The reaction to all this was predictable. It roiled, yet again, the sense of vertigo that has accompanied the Trump era. And there were laughs all around, can-you-top-this jokes on Twitter, gleeful one-liners on late-night television, grave pronouncements on the morning shows. And yet the reaction that matters most was that of Scaramucci’s patron, the President of the United States. Mike Allen, the co-founder of the Web site Axios, wrote, “We’re told the President loved the Mooch quotes.”
Of course he did. After all, Scaramucci was, in language and in manner, channelling Trump himself. What about Scaramucci’s rant could possibly have offended Trump’s sense of propriety, dignity, or politics? As so many audiotapes, tweets, interviews, and speeches have made clear, Trump has no compunction about treating people, even his most self-abnegating loyalists, as vassals; he speaks in the language of obscenity and contempt.
Scaramucci, who was endorsed by Ivanka Trump and Jared Kushner, seems to have been installed to carry out Trump’s form of personnel management—to help demean and get rid of retainers who have proved disappointing or threatening to his interests. Sean Spicer. Reince Priebus. Steve Bannon. Jeff Sessions. And, ultimately, Robert Mueller.
In other words, the Mooch matters because the Mooch helps to clarify what matters most to the President and his family. What matters most is Trump’s grip on his base voters and his survival in office. Everything else—a sane health-care policy, the dignity of the transgender people who have volunteered to serve their country, a rational environmental policy, a foreign policy that serves basic democratic values, rule of law—is of tertiary interest.
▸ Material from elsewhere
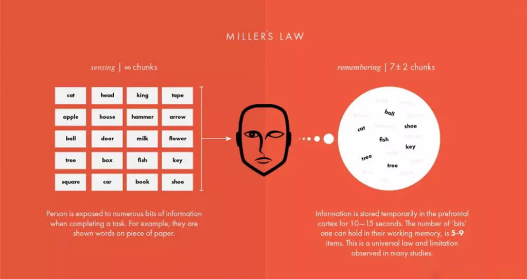1956 年乔治·米勒发现人类头脑最好的状态能记忆含有7(±2)项信息块,在记忆超过9 项信息后人类的头脑就容易出错。也因此,神奇数字 7±2 法则经常被应用在移动应用交互设计上,如应用的选项卡不会超过 5 个。

Trump’s focus is not impossible to divine. He is increasingly anxious that Mueller and congressional investigators are exploring the details of his business transactions and financial holdings, and how they might have exposed him to being targeted by the Russian government.
In the meantime, Trump’s capacity to demean and diminish everyone in his proximity continues apace.
Scaramucci matters because he has divined what Donald Trump wants, and he is speaking in his language. Last night, John McCain and many others refused to be cowed or intimidated. They acted in favor of the most elemental notion of rationality and principle. Who else will follow?